### Context

#### Experiment Tools
- WanDB

In [1]:
sweep_config = {
  "name" : "mdc_sweep",
  "method" : "bayes",
  "parameters" : {
    "max_depth" : {
      "distribution": "int_uniform",
      "min":2,
      "max":15
    },
    "subsample" :{
      "distribution": "uniform",
      "min": 0.5,
      "max": 1.0
    },
    "colsample_bytree":{
      "distribution": "uniform",
      "min": 0.5,
      "max": 1.0
    }
  },
  "metric":{
      "name": "cv_loss",
      "goal": "minimize"
  }
}


In [3]:
import os
from os.path import join

import multiprocessing
import warnings
warnings.filterwarnings('ignore')

import numpy as np
import pandas as pd

import wandb

wandb.init()
sweep_id = wandb.sweep(sweep_config, 
                       project="medici wandb test")

n_cpus = multiprocessing.cpu_count()

wandb: You can find your API key in your browser here: https://wandb.ai/authorize


wandb: Paste an API key from your profile and hit enter: ········


wandb: Appending key for api.wandb.ai to your netrc file: C:\Users\medici/.netrc




Create sweep with ID: 9hyhq5rj
Sweep URL: https://wandb.ai/chanwoong/medici%20wandb%20test/sweeps/9hyhq5rj


In [4]:
BASE_DIR = './data' 

train_path = os.path.join(BASE_DIR, 'train.csv')
test_path = os.path.join(BASE_DIR, 'test.csv')
submission_path = os.path.join(BASE_DIR, 'sample_submission.csv')

data = pd.read_csv(train_path)
test = pd.read_csv(test_path)

label = data['credit']

In [5]:
# 불필요한 컬럼 제거
data.drop(columns=['index', 'credit'], inplace=True)
test.drop(columns=['index'],         inplace=True)

In [6]:
cat_columns = [c for c, t in zip(data.dtypes.index, data.dtypes) if t == 'O'] 
num_columns = [c for c    in data.columns if c not in cat_columns]

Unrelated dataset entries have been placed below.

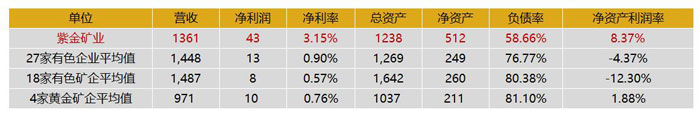 上榜的18家有色金属矿业企业中,净利润均值为8亿元、净利率均值为0.57%、净资产均值为260亿元、净资产利润率均值为-12.30%;同期,乐鱼官方网站-乐鱼leyu(中国)净利润为43亿元、净利率为3.15%、净资产为512、净资产利润率为8.37%,指标更为优质,盈利能力领先。负债率方面,18家企业有色金属矿业企业均值为80.38%,乐鱼官方网站-乐鱼leyu(中国)为58.66%,处于相对合理且低水平区间。
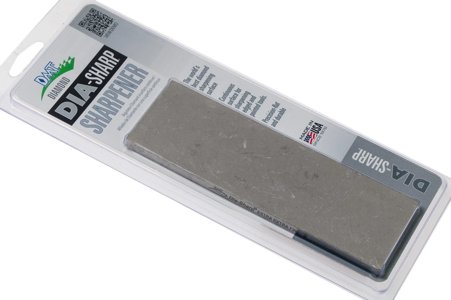 Der DMT DiaSharp Bench Stone 6×2 D6E einseitig, extra extra fein ist ein kompakter Schleifstein. Die extra feine Seite enthält Diamantpartikel, die nur 3 Mikrometer klein sind!
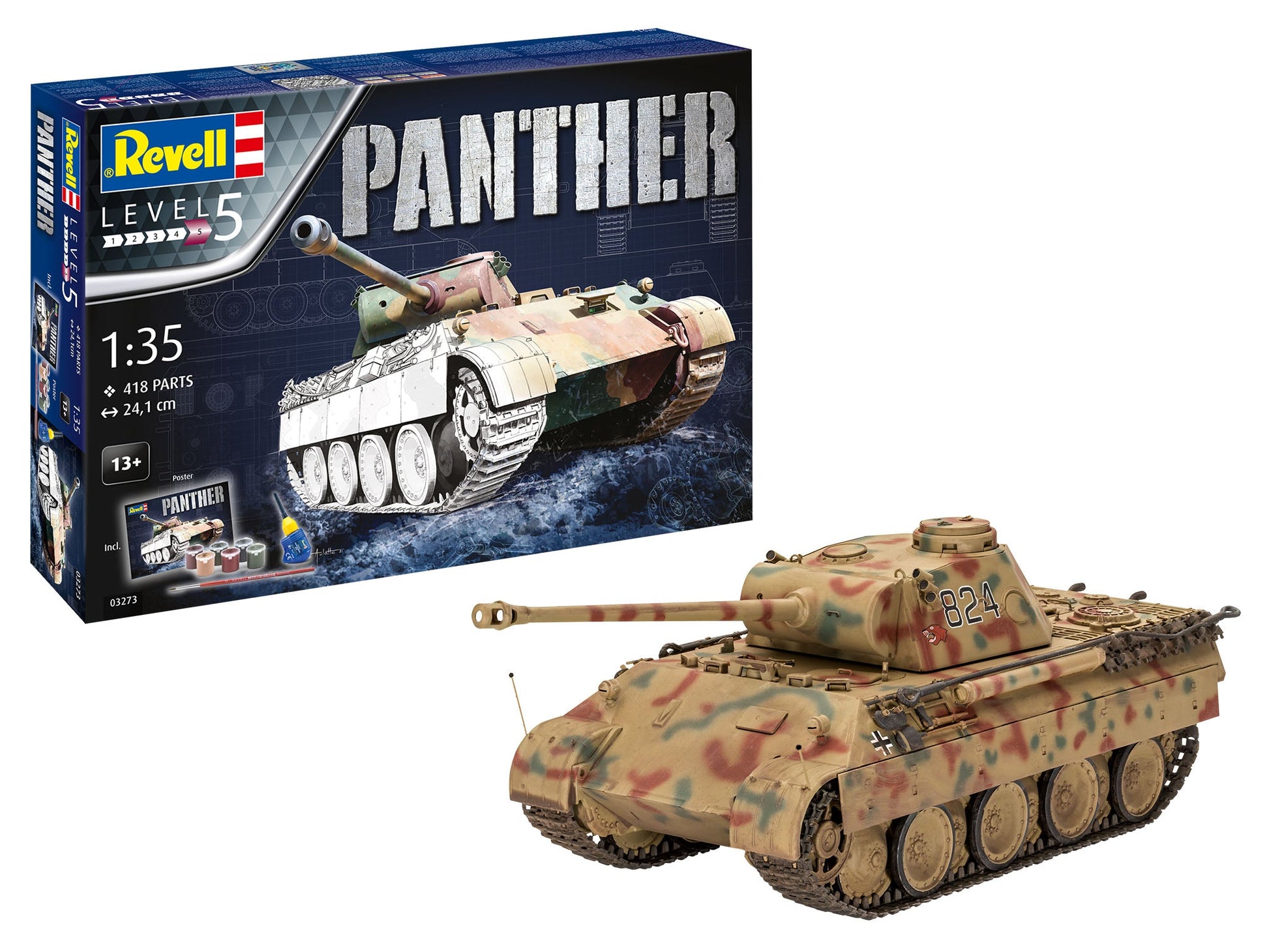 The Panzerkampfwagen V "Panther" was intended to provide an equivalent weapon to counter the massing Soviet T-34s. This was successful, as the Panther was superior to most enemy tanks by the end of the war. Even though it was never built in the masses as its main opponent, the T-34, it still has its place in military history. The kit includes the first production version version D, paints, glue and brushes and a poster.
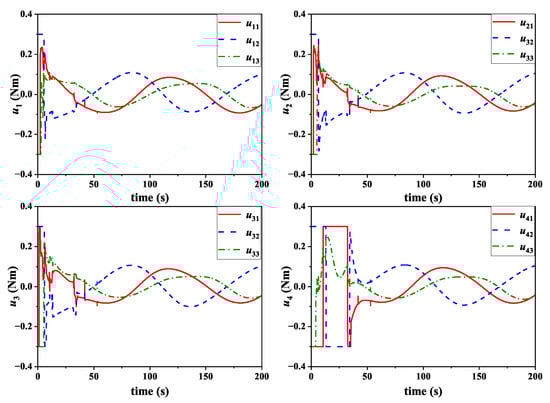 On this basis, define the diagonal control matrix with diagonal entries . To avoid singularity problems, when , and takes value in the sub-interval of [0, 1). Thus, considering the actuator saturation, the actual control torque (3) can be rewritten as [,]
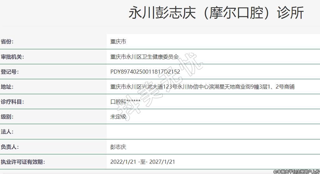 永川彭志庆摩尔口腔2017-06-16成立,地址:重庆市永川区兴龙大道123号永川协信中心滨湖星天地商业街9幢3层1、2号商铺,诊疗科目:口腔科******
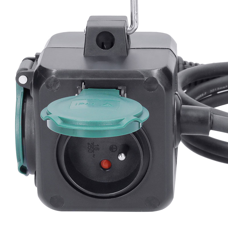 Prívod je navrhnutý pre maximálnu záťaž 3680 W, tzn. prúdové zaťaženie 16 A pri napätí v sieti 230 V~. Zaisťuje stabilný prenos energie pre bežné a náročné elektrospotrebiče na dlhšiu vzdialenosť aj vo vonkajšom prostredí. Zásuvky sú vybavené detskými poistkami pre maximálnu bezpečnosť.
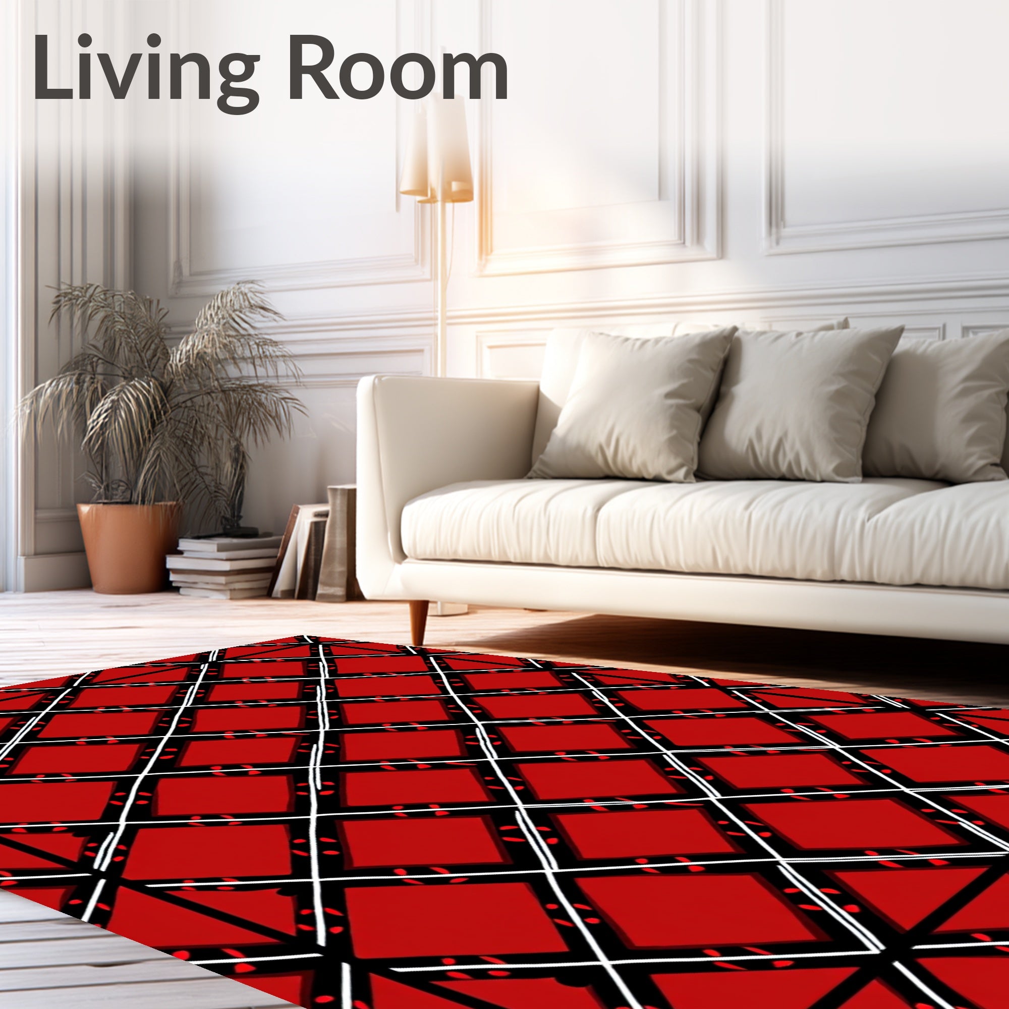 Ultra Soft Area Rug, Non Slip, Stain Resistant, Washable Area Rugs for Living Room, Bedroom, Festive Tartan Lattice Decorative Holiday Plaid(Red) Overview:
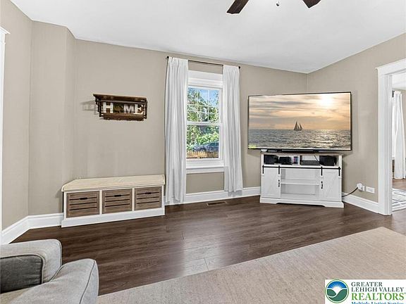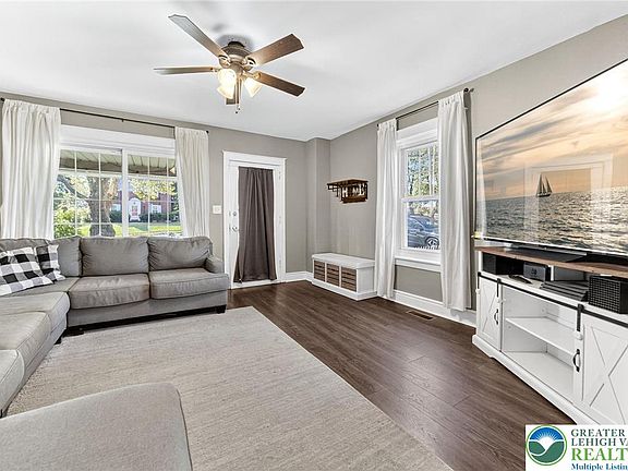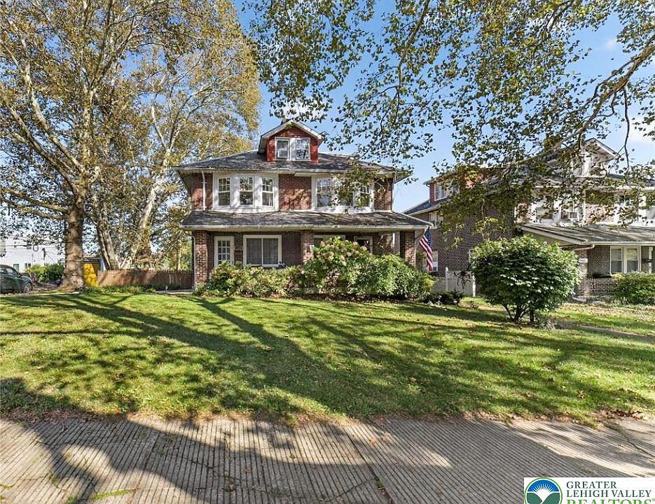 Welcome to this solid brick twin located in a great section of West Bethlehem. A covered front porch leads into a spacious, open main level featuring a large living room with a stacked-stone accent wall, followed by a dining area and an updated kitchen. The kitchen offers tons of cabinet and counter space, granite countertops, a gas stove, stainless-steel appliances, and an extended counter with stool seating for casual dining or morning coffee. A convenient half bath completes the first floor. Upstairs, you’ll find three comfortable bedrooms and a fully updated full bath featuring modern finishes and tile work. The main bedroom stands out with a bay of windows and a deep sill—an inviting spot for reading, relaxing, or enjoying the morning light. The finished third floor provides bonus space ideal for a home office, guest room, or play area. The home also includes a full basement with plenty of storage space. Outside, enjoy a fully fenced backyard and a detached two-car garage equipped with dual electric vehicle chargers. Conveniently located just minutes from schools, parks, and shopping, this West Bethlehem home offers comfort, convenience, and value in one impressive package.

print('Categorical Columns: \n{}\n'.format(cat_columns))
print('Numeric Columns: \n{}'.format(num_columns))

Categorical Columns: 
['gender', 'car', 'reality', 'income_type', 'edu_type', 'family_type', 'house_type', 'occyp_type']

Numeric Columns: 
['child_num', 'income_total', 'DAYS_BIRTH', 'DAYS_EMPLOYED', 'FLAG_MOBIL', 'work_phone', 'phone', 'email', 'family_size', 'begin_month']


#### 라벨 데이터 인코딩

In [7]:
label = label.astype(int)

#### 전처리 프로세스 함수로 작성

In [8]:
from sklearn.impute import SimpleImputer
from sklearn.preprocessing import StandardScaler, OneHotEncoder

def preprocess(x_train, x_valid, x_test):
    tmp_x_train = x_train.copy()
    tmp_x_valid = x_valid.copy()
    tmp_x_test  = x_test.copy()
    
    tmp_x_train.reset_index(drop=True, inplace=True)
    tmp_x_valid.reset_index(drop=True, inplace=True)
    
    # 결측치 처리
    imputer = SimpleImputer(strategy='most_frequent')
    tmp_x_train[cat_columns] = imputer.fit_transform(tmp_x_train[cat_columns])
    tmp_x_valid[cat_columns] = imputer.transform(tmp_x_valid[cat_columns])
    tmp_x_test[cat_columns]  = imputer.transform(tmp_x_test[cat_columns])
    
    # 스케일링
    scaler = StandardScaler()
    tmp_x_train[num_columns] = scaler.fit_transform(tmp_x_train[num_columns])
    tmp_x_valid[num_columns] = scaler.transform(tmp_x_valid[num_columns])
    tmp_x_test[num_columns]  = scaler.transform(tmp_x_test[num_columns])

    # 인코딩
    ohe = OneHotEncoder(sparse=False)
    ohe.fit(tmp_x_train[cat_columns])
    
    tmp_x_train_cat = pd.DataFrame(ohe.transform(tmp_x_train[cat_columns]))
    tmp_x_valid_cat = pd.DataFrame(ohe.transform(tmp_x_valid[cat_columns]))
    tmp_x_test_cat  = pd.DataFrame(ohe.transform(tmp_x_test[cat_columns]))
    
    tmp_x_train.drop(columns=cat_columns, inplace=True)
    tmp_x_valid.drop(columns=cat_columns, inplace=True)
    tmp_x_test.drop(columns=cat_columns, inplace=True)
    
    tmp_x_train = pd.concat([tmp_x_train, tmp_x_train_cat], axis=1)
    tmp_x_valid = pd.concat([tmp_x_valid, tmp_x_valid_cat], axis=1)
    tmp_x_test  = pd.concat([tmp_x_test, tmp_x_test_cat], axis=1)
    
    return tmp_x_train, tmp_x_valid, tmp_x_test

### Ensemble

In [9]:
from sklearn.model_selection import StratifiedKFold
from sklearn.metrics import log_loss
from xgboost import XGBClassifier

def train():
    with wandb.init() as run:
        params = wandb.config
        
        val_scores = list()
        n_splits = 5

        skf = StratifiedKFold(n_splits=n_splits, shuffle=True, random_state=42)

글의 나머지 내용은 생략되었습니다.